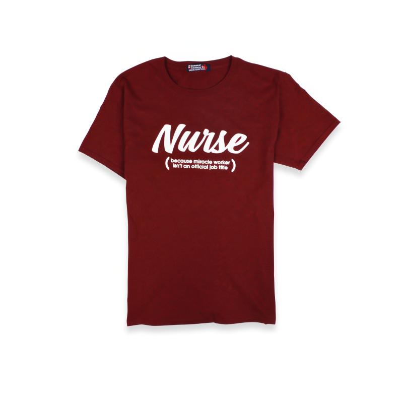 This T-shirt features the fun graphic "Nurse (because Miracle Worker is not an official job description)" screened as a 1 colour print. 100% cotton; available in sizes S-XXL.
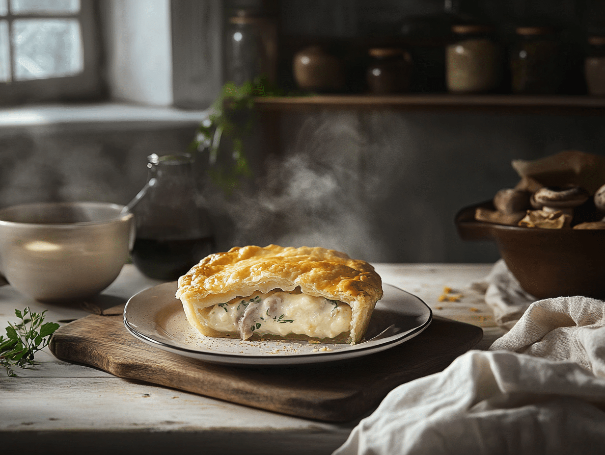 The presentation of this dish in pie form is another nod to a rich culinary heritage. Pies have been a quintessential part of European cuisine for centuries, offering not only a way to stretch ingredients but also a comforting and portable meal. The versatile shortcrust pastry used here is buttery, tender, and the perfect vessel for encasing the rabbit filling. Spiced with tarragon, enriched by the cream, and accented with a splash of white wine, the filling embodies the balance of flavors typical of French bistro fare: earthy mushrooms, sweet onions, and a touch of acidity from the wine elevate the savory rabbit meat while providing a silky, luxurious finish.
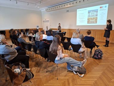 Die abschließende Führung durch das Konzerthaus gab Aufschlüsse über die Geschichte des Hauses, seine exzellente künstlerische Planung und hochentwickelte Funktionalität, die das Wiener Konzerthaus – gemeinsam mit dem stilistisch vielschichtigen Konzertbetrieb mit über 800 Konzerten pro Saison – zu einer der bedeutendsten Institutionen des internationalen Musiklebens machen: Die drei Hauptsäle befinden sich auf einer Ebene im 1. Stock und sind aus akustischen Gründen baulich voneinander getrennt. Jeder Saal ist ein eigenes Gebäude mit Außenmauer und eigenem Dach, durch Lichtschächte sind sie miteinander verbunden. Der Mozart-Saal, in dem die Fenster zugemauert wurden, zählt zu den fünf Sälen mit der besten Akustik weltweit und wird daher häufig für Tonaufnahmen verwendet. Der Berio-Saal im Keller ist mit modernster Licht- und Tontechnik ausgestattet und bietet die Möglichkeit eines völlig flexiblen Bühnenaufbaus. Im Erdgeschoß befindet sich ein Relief von Kaiser Franz Joseph, der zur Eröffnung im Jahr 1913 eigenhändig den Schlussstein einsetzte.
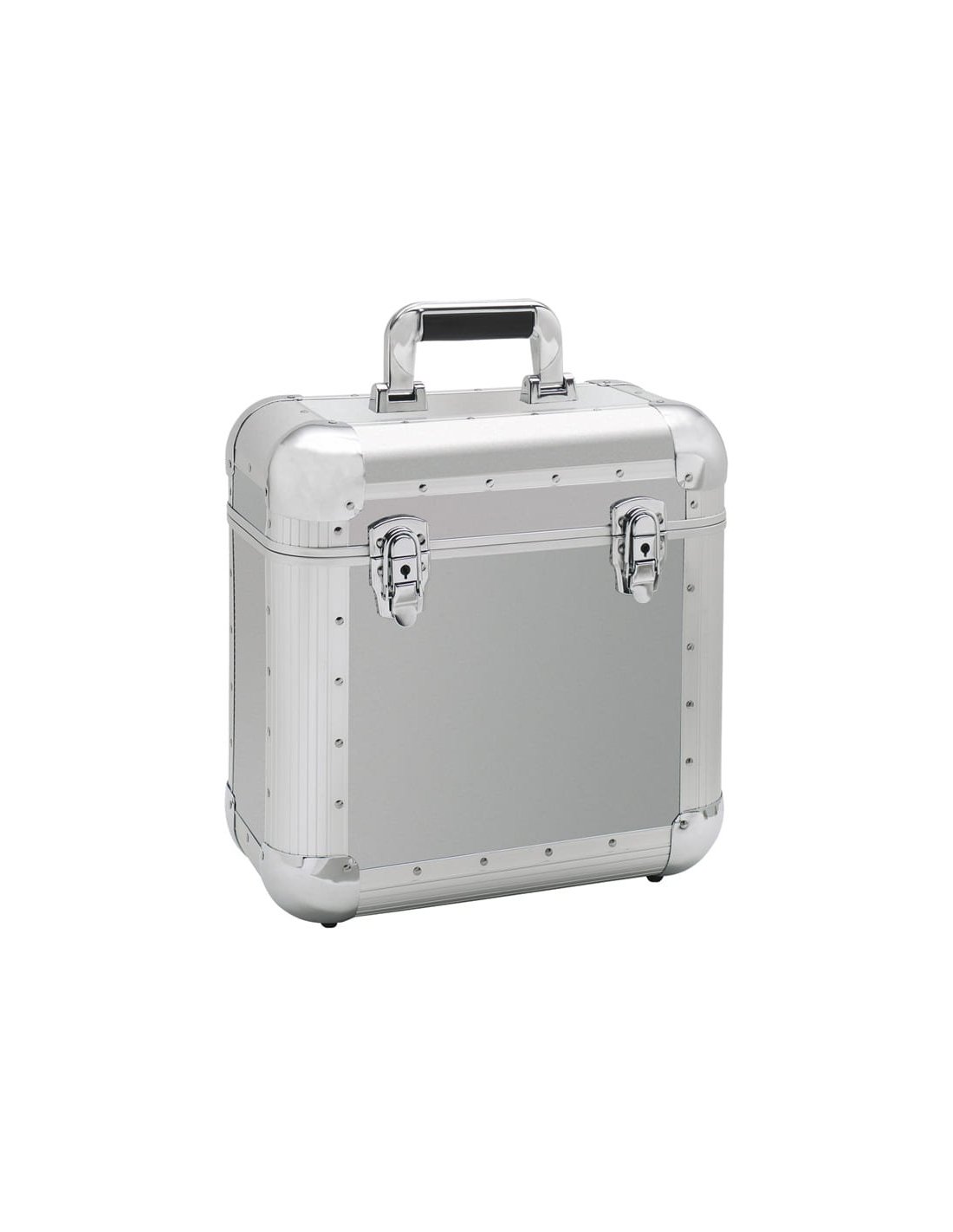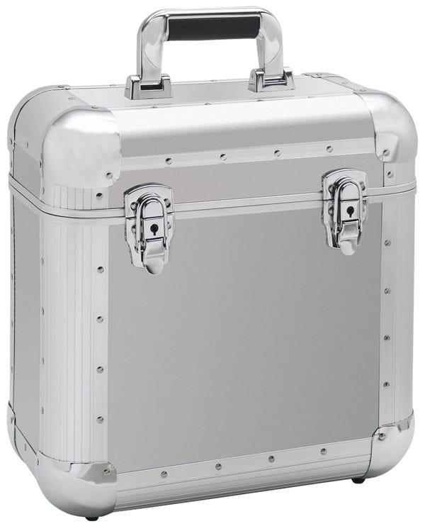 RELOOP 60 RECORD CASE SILBER. Der Plattenkoffer aus beschichtetem Sperrholz, der bis zu 60 Schallplatten aufnehmen kann. Ausgestattet mit einem Griff, Schnappschlössern mit Schlüssel, Innenpolsterung und abnehmbarem Deckel.

▸ What you have to do:
Reproduce the data verbatim. Do not carry any picture into the copy.

▸ Written response:
 This T-shirt features the fun graphic "Nurse (because Miracle Worker is not an official job description)" screened as a 1 colour print. 100% cotton; available in sizes S-XXL.
 The presentation of this dish in pie form is another nod to a rich culinary heritage. Pies have been a quintessential part of European cuisine for centuries, offering not only a way to stretch ingredients but also a comforting and portable meal. The versatile shortcrust pastry used here is buttery, tender, and the perfect vessel for encasing the rabbit filling. Spiced with tarragon, enriched by the cream, and accented with a splash of white wine, the filling embodies the balance of flavors typical of French bistro fare: earthy mushrooms, sweet onions, and a touch of acidity from the wine elevate the savory rabbit meat while providing a silky, luxurious finish.
 Die abschließende Führung durch das Konzerthaus gab Aufschlüsse über die Geschichte des Hauses, seine exzellente künstlerische Planung und hochentwickelte Funktionalität, die das Wiener Konzerthaus – gemeinsam mit dem stilistisch vielschichtigen Konzertbetrieb mit über 800 Konzerten pro Saison – zu einer der bedeutendsten Institutionen des internationalen Musiklebens machen: Die drei Hauptsäle befinden sich auf einer Ebene im 1. Stock und sind aus akustischen Gründen baulich voneinander getrennt. Jeder Saal ist ein eigenes Gebäude mit Außenmauer und eigenem Dach, durch Lichtschächte sind sie miteinander verbunden. Der Mozart-Saal, in dem die Fenster zugemauert wurden, zählt zu den fünf Sälen mit der besten Akustik weltweit und wird daher häufig für Tonaufnahmen verwendet. Der Berio-Saal im Keller ist mit modernster Licht- und Tontechnik ausgestattet und bietet die Möglichkeit eines völlig flexiblen Bühnenaufbaus. Im Erdgeschoß befindet sich ein Relief von Kaiser Franz Joseph, der zur Eröffnung im Jahr 1913 eigenhändig den Schlussstein einsetzte.
 RELOOP 60 RECORD CASE SILBER. Der Plattenkoffer aus beschichtetem Sperrholz, der bis zu 60 Schallplatten aufnehmen kann. Ausgestattet mit einem Griff, Schnappschlössern mit Schlüssel, Innenpolsterung und abnehmbarem Deckel.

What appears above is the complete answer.